→ **Work instructions**: Keep images out and repeat all data exactly.

→ **Material provided**:
BEGIN

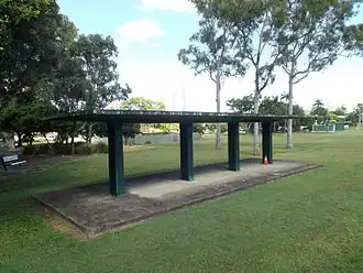 The Brisbane City Council built the concrete shelter at Raymond Park (east) as an air raid shelter in 1942.[1]
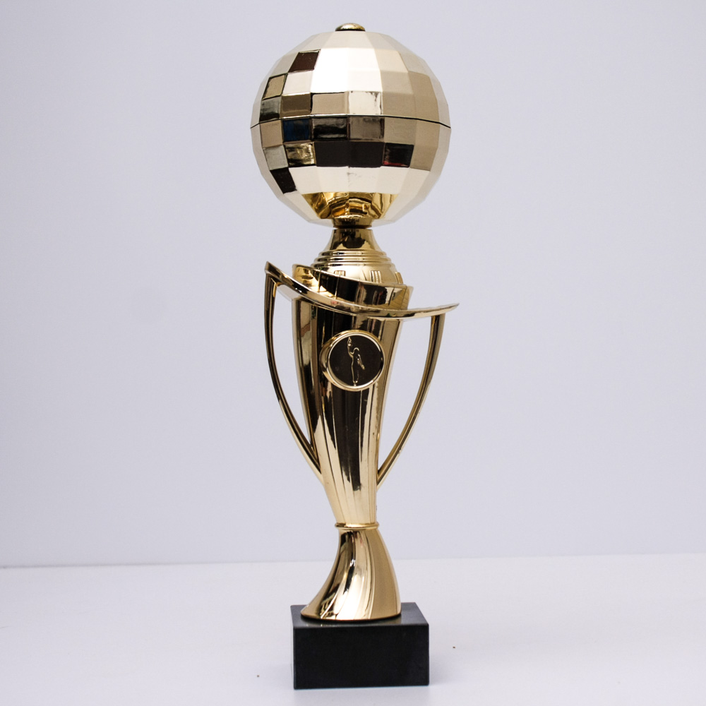 Это высококачественный наградной кубок, идеально подходит для любого вида спортивного мероприятия или другого торжества. Высота кубка составляет 36 см, что делает его выдающимся символом победы и достижений.
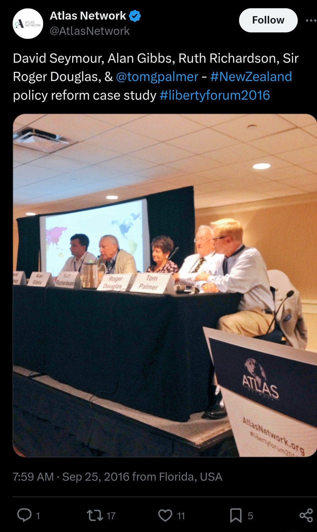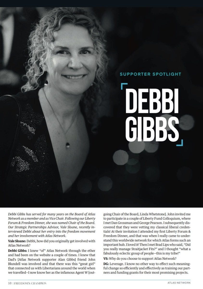 Prospective Atlas Network underlings can go into the global system, intern at a few different think tanks, go to some training sessions, and meet likeminded people. They come out with experience in spin doctoring, pushing talking points, and dirty politics tricks. They can then go set up their think tanks at home with initial support from Atlas, before quickly connecting to favourable domestic interests. Any guesses who the current Atlas Network chair is? Why, it’s Debbi Gibbs, Alan Gibbs’ daughter.

END

→ **Written response**:
 The Brisbane City Council built the concrete shelter at Raymond Park (east) as an air raid shelter in 1942.[1]
 Это высококачественный наградной кубок, идеально подходит для любого вида спортивного мероприятия или другого торжества. Высота кубка составляет 36 см, что делает его выдающимся символом победы и достижений.
 Prospective Atlas Network underlings can go into the global system, intern at a few different think tanks, go to some training sessions, and meet likeminded people. They come out with experience in spin doctoring, pushing talking points, and dirty politics tricks. They can then go set up their think tanks at home with initial support from Atlas, before quickly connecting to favourable domestic interests. Any guesses who the current Atlas Network chair is? Why, it’s Debbi Gibbs, Alan Gibbs’ daughter.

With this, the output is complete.